Wrong. But I realized: some life forms, some demographics, are becoming too sacred to be fictionalized. They are so important that they can’t be given a fictional double. They can not be performed by strangers. The performance must one hundred percent coincide with the factual.

Some of you will remember the hoopla a few years ago around Scarlett Johansson wanting to produce a movie about Dante Gill, a woman who lived as a man and ran a bunch of massage parlours in the 1970s America. In other words, a female pimp who assumed a male name, probably for the same reason that women pretended to be men in previous centuries too: it opened doors to jobs, income, freedom to roam, sartorial choices, and ways of life which would otherwise remain verboten. In the last few years, the transactivist rewriters of history proclaimed Gill a trans man and her life as part of the “history of trans rights”. (Similar has been attempted with Joan of Arc, proclaimed in an English theatrical production “nonbinary”.) It’s this group of activists who went berserk upon hearing the news that ScarJo, not a trans person, would play a “trans character”. After some months of this, she dropped out of the project.

Some people are too sacred to be fictionalized.

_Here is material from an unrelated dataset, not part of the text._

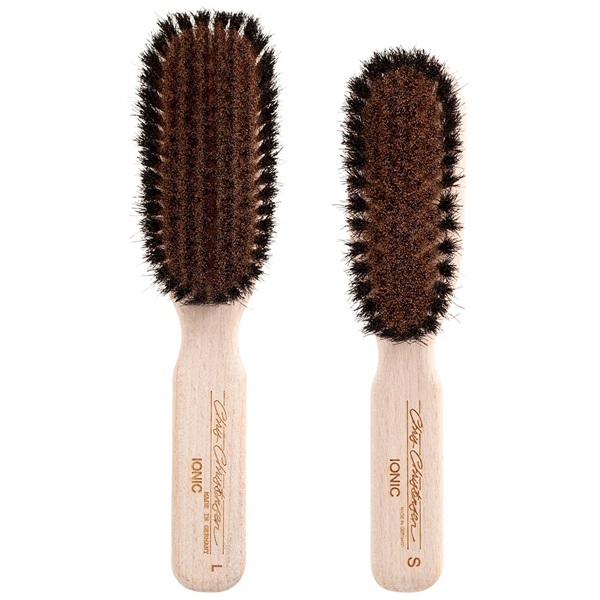 Ionic-borsten har ett bekvämt, rundat handtag av lätt bokträ.
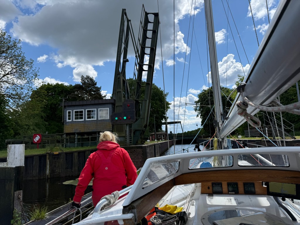 Gegen Mittag schwamm Germane bei einer Wassertiefe von 1,30m wieder auf. Von jetzt an verblieben uns noch etwa 3 Stunden mit auflaufendem Wasser. Rechnerisch also genug Zeit um die 11 Meilen bis zur Schleuse in die Binneneider zu schaffen. Die einzig Unbekannte dabei sind die Öffnungen der drei zwischenliegenden Brücken. Die erste Klappbrücke bei Tönning informieren noch vor Ablegen aus dem Hafen. Der Brückenwärter sagt, dass er die Brücke öffnet sobald wir in Sicht kommen, um verzugslos durchfahren zu können. Alles klappt wie abgesprochen, nur die Lichtsignale bleiben auf Rot stehen. Während uns die Strömung auf die Brücke zuschiebt hoffen wir auf grünes Licht, welches aber aus irgendwelchen Gründen nicht geschaltet wird. Wir müssen zwischen den Leitwehren aufstoppen und gegen die Strömung volle Kraft zurück geben. Germane läuft aufgrund seiner Bauart nicht kursstabil rückwärts. Mit viel Mühe, Glück und Einsatz des Bugstrahlruders können wir Germane drehen, um vor der Brücke noch einen Kreis zu fahren. Erst jetzt werden die Lichtsignale auf Gün geschaltet und die Durchfahrt freigegeben. Woran die Freigabe gehapert hat werden wir wohl nie erfahren, einfach durchzufahren wäre aber das letzte Mittel zur Wahl gewesen. Es gibt Vorfälle von abgebrochen Masten an sich schließenden Brücken, hier wollen wir uns nicht einreihen. Der weitere Fahrwasserverlauf der Tideneider ist landschaftlich schön und navigatorisch aufregend. Mit sieben Knoten schlängeln wir uns dem dürftig markierten Fahrwasser entlang und haben den Tiefenmesser stets im Auge. Die Wassertiefe variiert zwischen zwei und vier Metern, was eigentlich ausreichend ist. Im Hinterkopf fährt aber die Gewissheit mit, dass die verbleibenden 70cm Wassertiefe bei einer Untiefe schnell weg sind. Etwa 30 Minuten vorher informieren wir die Eisenbahnbrücke Friedrichstadt über unsere berechnete Ankunftszeit. Die nette Brückenwärterin sagt, dass sie frühestens in 50Minuten öffnen kann weil noch ein Zug mit Verspätung erwartet wird 🙂 Wir reduzieren unsere Geschwindigkeit und können fast verzugslos bei Ankunft durchfahren. Auch die Öffnung der nächsten Straßenbrücke klappt nach vorheriger Absprache verzugslos. Es ist immer wieder beeindruckend wenn sich diese riesigen Bauwerke öffnen. Besonders freut uns dabei, dass sie das kostenlos machen. Als wir gegen 18 Uhr mit der Schleuse Nordfeld die Tideneider verlassen sind wir erstmal froh das Gezeitenrevier hinter uns gelassen zu haben. Ab jetzt haben wir recht gleichbleibende Wasserstände und kaum Strömung. Unsere künftige Routenplanung wird uns also nicht mehr mitten in der Nacht starten lassen, selbst die Gassi-Runden für Hans sind ab jetzt Tiden unabhängig.

This has been true for some time now about anything to do with indigenous character of any kind. Harry Somers’ estate removed, after some academic-activist-media pressure and shaming were applied, one of the most beautiful and technically challenging arias in his opera Louis Riel, the Lullaby, which was loosely, very loosely based on an old Nisga’a lament. Therefore it was “stolen” wasn’t it, and then applied in the context of a wrong indigenous group, and it had to be abandoned, and the item recomposed by someone of the right ethnicity. As this piece of arts journalism helpfully explains,

If Louis Riel the opera were ever to be remounted - and I doubt this will ever happen because there will be demands to cast Metis opera singes in the dastardly difficult roles of Riel and his wife - a new and very different musical material will be heard as the Lullaby, composed by a Metis composer, Ian Cusson.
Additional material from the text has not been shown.